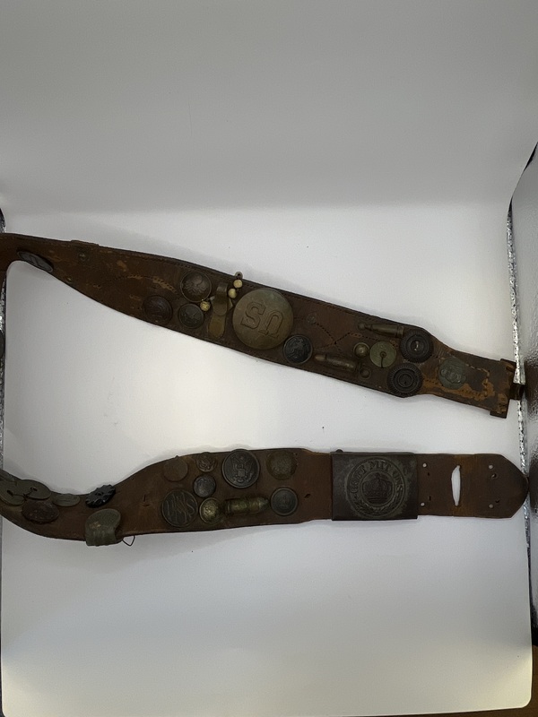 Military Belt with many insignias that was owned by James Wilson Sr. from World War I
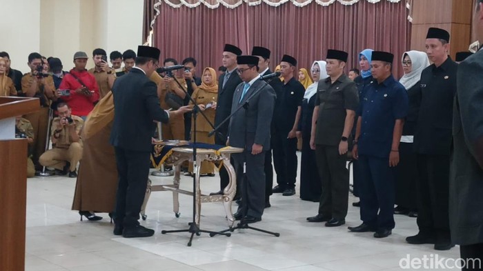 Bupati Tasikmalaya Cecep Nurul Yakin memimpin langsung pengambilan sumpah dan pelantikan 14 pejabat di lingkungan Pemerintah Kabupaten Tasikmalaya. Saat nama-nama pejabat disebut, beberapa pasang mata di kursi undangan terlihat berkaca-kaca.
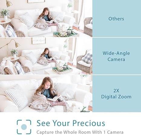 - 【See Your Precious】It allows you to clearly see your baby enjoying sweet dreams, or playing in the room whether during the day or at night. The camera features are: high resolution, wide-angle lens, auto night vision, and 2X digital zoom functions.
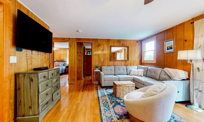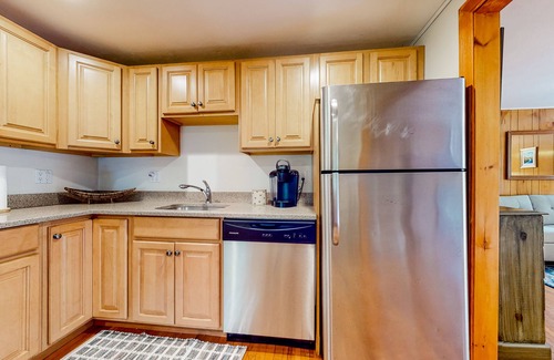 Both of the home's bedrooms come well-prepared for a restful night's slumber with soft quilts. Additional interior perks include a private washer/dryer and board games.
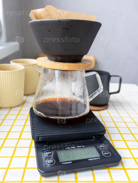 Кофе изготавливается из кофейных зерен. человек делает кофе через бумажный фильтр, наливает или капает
...
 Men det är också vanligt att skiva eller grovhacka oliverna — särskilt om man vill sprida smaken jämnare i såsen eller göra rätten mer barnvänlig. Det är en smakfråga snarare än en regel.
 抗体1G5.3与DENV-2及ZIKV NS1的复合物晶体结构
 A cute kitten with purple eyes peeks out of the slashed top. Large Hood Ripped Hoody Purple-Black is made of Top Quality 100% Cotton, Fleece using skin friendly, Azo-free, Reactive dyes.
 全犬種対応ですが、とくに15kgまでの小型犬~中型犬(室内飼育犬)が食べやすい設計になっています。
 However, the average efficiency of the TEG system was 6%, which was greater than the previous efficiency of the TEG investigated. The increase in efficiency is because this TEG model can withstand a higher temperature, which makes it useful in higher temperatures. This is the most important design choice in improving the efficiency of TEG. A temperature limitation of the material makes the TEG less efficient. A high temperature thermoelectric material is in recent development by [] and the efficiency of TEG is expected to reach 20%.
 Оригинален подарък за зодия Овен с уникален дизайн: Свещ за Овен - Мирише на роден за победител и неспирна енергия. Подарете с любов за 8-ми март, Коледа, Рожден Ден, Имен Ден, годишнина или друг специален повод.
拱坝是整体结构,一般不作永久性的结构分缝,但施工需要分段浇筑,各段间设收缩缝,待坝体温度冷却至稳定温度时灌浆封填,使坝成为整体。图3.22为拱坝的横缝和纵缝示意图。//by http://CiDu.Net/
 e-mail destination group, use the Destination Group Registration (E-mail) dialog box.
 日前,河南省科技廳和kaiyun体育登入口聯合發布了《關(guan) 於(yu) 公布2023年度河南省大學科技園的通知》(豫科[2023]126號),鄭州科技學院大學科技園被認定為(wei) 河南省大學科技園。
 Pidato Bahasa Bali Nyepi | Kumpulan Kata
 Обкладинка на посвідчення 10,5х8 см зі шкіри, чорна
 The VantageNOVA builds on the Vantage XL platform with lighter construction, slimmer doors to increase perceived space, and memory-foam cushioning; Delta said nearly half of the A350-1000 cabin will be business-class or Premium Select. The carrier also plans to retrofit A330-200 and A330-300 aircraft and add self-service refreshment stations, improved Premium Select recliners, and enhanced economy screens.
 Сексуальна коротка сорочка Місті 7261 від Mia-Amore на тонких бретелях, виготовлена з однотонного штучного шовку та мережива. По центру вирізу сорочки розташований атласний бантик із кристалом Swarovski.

* [TASK BRIEF] Of the lines in the data, report each one containing the string "increase".

* [REPLY TO THE EXERCISE]
 However, the average efficiency of the TEG system was 6%, which was greater than the previous efficiency of the TEG investigated. The increase in efficiency is because this TEG model can withstand a higher temperature, which makes it useful in higher temperatures. This is the most important design choice in improving the efficiency of TEG. A temperature limitation of the material makes the TEG less efficient. A high temperature thermoelectric material is in recent development by [] and the efficiency of TEG is expected to reach 20%.
 The VantageNOVA builds on the Vantage XL platform with lighter construction, slimmer doors to increase perceived space, and memory-foam cushioning; Delta said nearly half of the A350-1000 cabin will be business-class or Premium Select. The carrier also plans to retrofit A330-200 and A330-300 aircraft and add self-service refreshment stations, improved Premium Select recliners, and enhanced economy screens.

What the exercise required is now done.